US 12,287,816 B1
Reducing latency by processing parts of a language model query in parallel
Sayan Dev Pathak, Kirkland, WA (US); Osama Abuelsorour, Menlo Park, CA (US); Christopher Hakan Basoglu, Everett, WA (US); Harini Kesavamoorthy, Bellevue, WA (US); Girish Milind Mahajan, Redmond, WA (US); Salman Mohammad Quazi, Mountain View, CA (US); and Valeriy Viktorovich Kirshin, Kirkland, WA (US)
Assigned to Microsoft Technology Licensing, LLC, Redmond, WA (US)
Filed by Microsoft Technology Licensing, LLC, Redmond, WA (US)
Filed on Oct. 31, 2023, as Appl. No. 18/385,408.
Int. Cl. G06F 16/33 (2019.01); G06F 16/332 (2019.01); G06F 16/3329 (2025.01); G06F 16/334 (2025.01)

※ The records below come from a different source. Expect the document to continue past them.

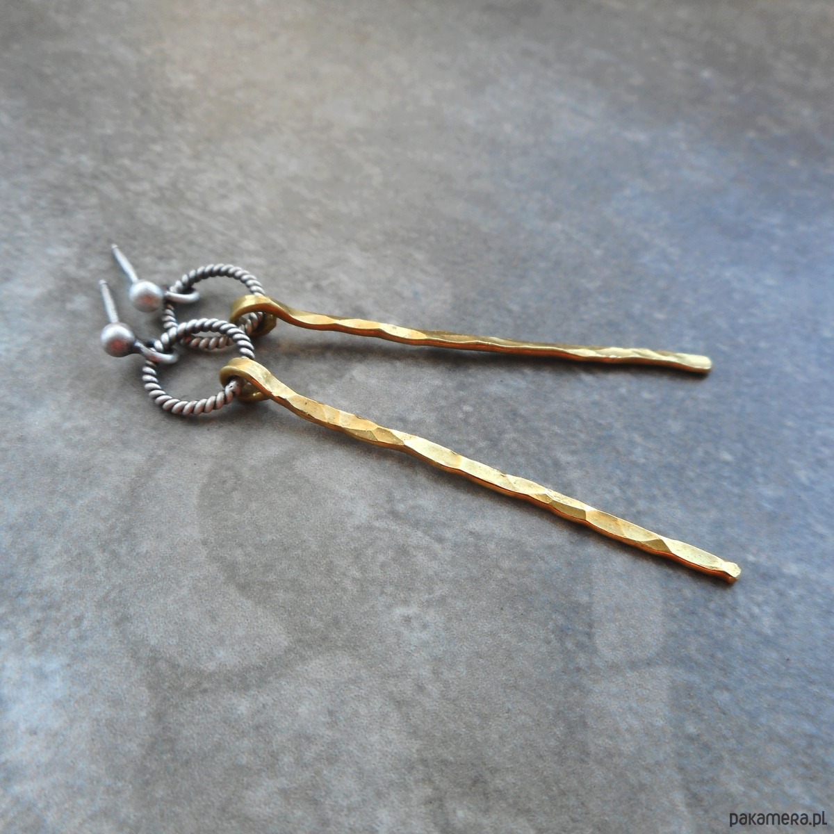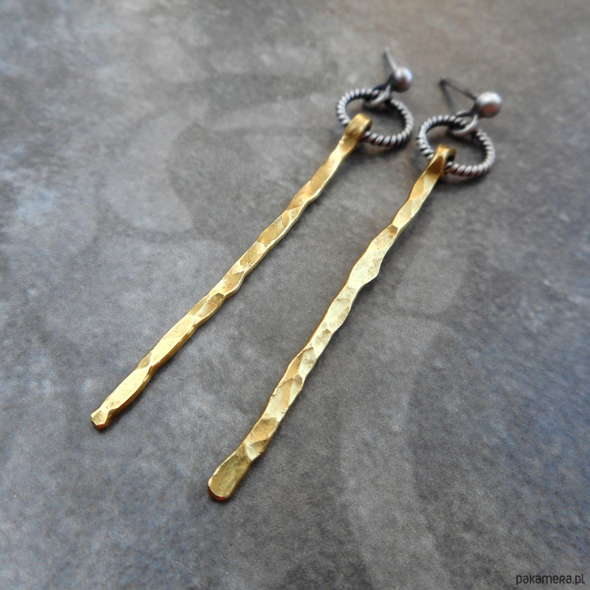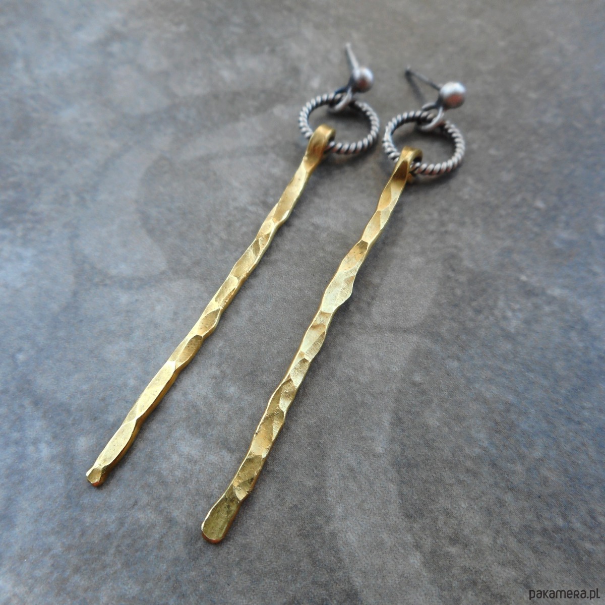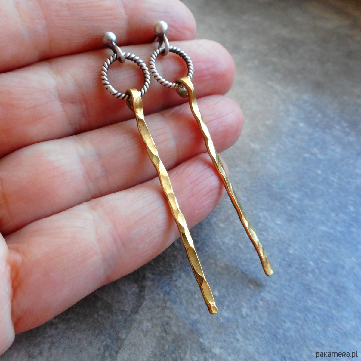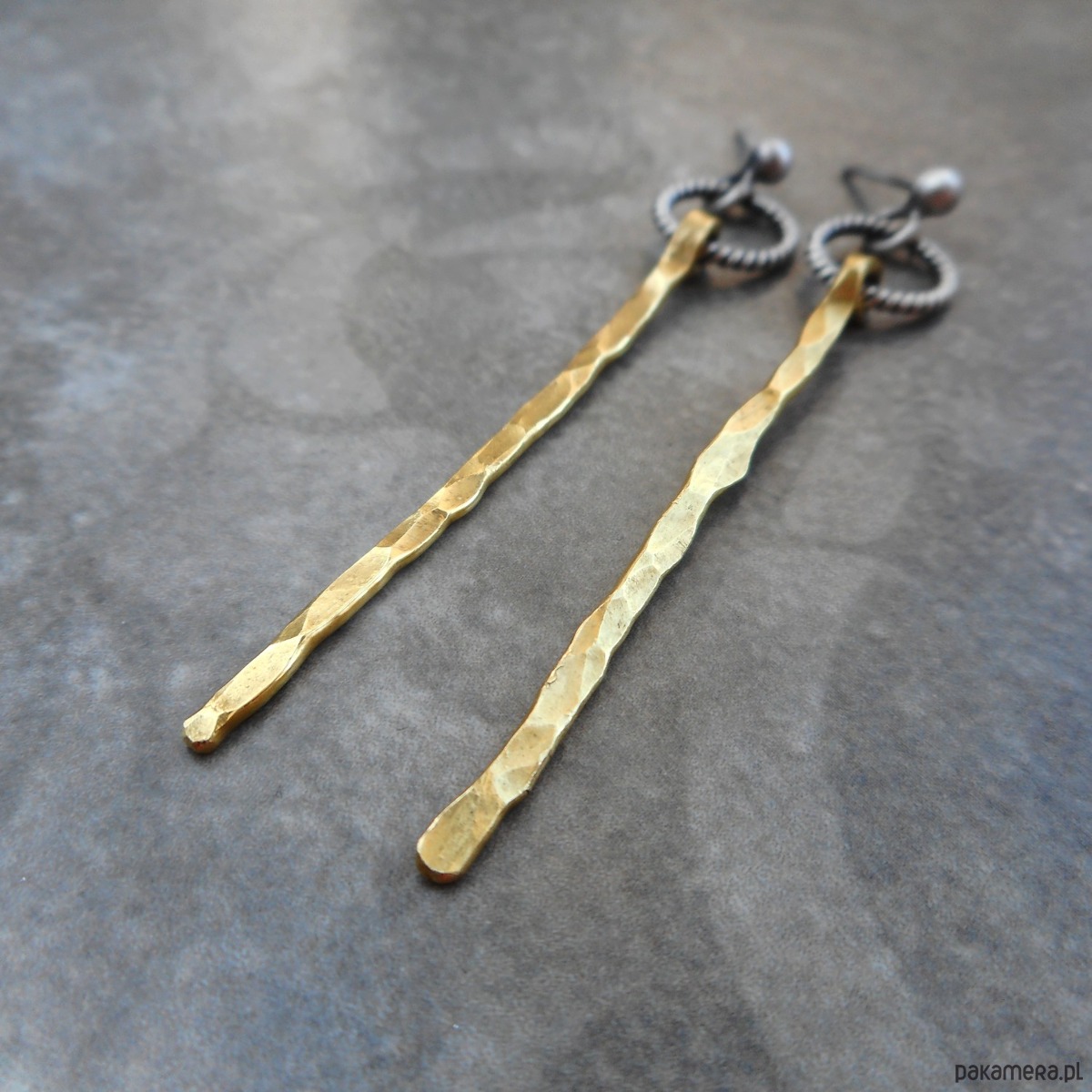 Stylowe kolczyki wykonane ze szlachetnego srebra i mosiądzu; nowoczesne, nie obciążające ucha, w formie kółeczek ze smukłymi, zawieszkami.
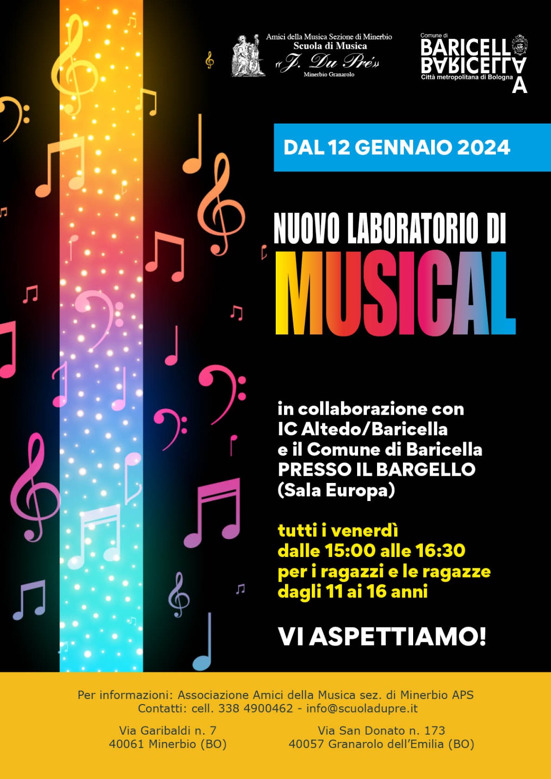 Grazie alla collaborazione dell'Associazione Amici della Musica e dell'Istituto comprensivo di Malalbergo e Baricella,  da Venerdì 19 Gennaio prende il via il Laboratorio gratuito di Musical per ragazzi e ragazze dagli 11 ai 16...
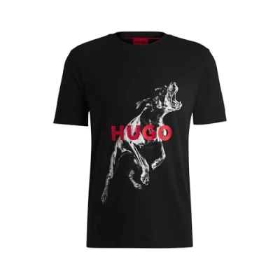 HUGO Mens Deyladec Regular fit T Shirt in Cotton with Animal Graphic

CPC G06F 16/3329 (2019.01) [G06F 16/3344 (2019.01)] 20 Claims
OG exemplary drawing
 
1. A method for processing a query using a machine-trained language model, comprising:
receiving an original query;
generating component queries based on the original query, the component queries having a same common part, and the component queries having different respective instance-specific parts;
distributing the component queries to respective processor instances, the processor instances being instances of one or more processors, each processor instance executing an instance of the machine-trained language model,
the processor instances generating respective component-query responses in parallel based on the plural component queries, and based on intermediate results previously generated by the machine-trained language model and stored in a cache memory, the previously generated intermediate results including key-value information used in performing an attention operation in the machine-trained language model;
receiving the component-query responses;
generating a final response based on the component-query responses; and
generating output information based on the final response.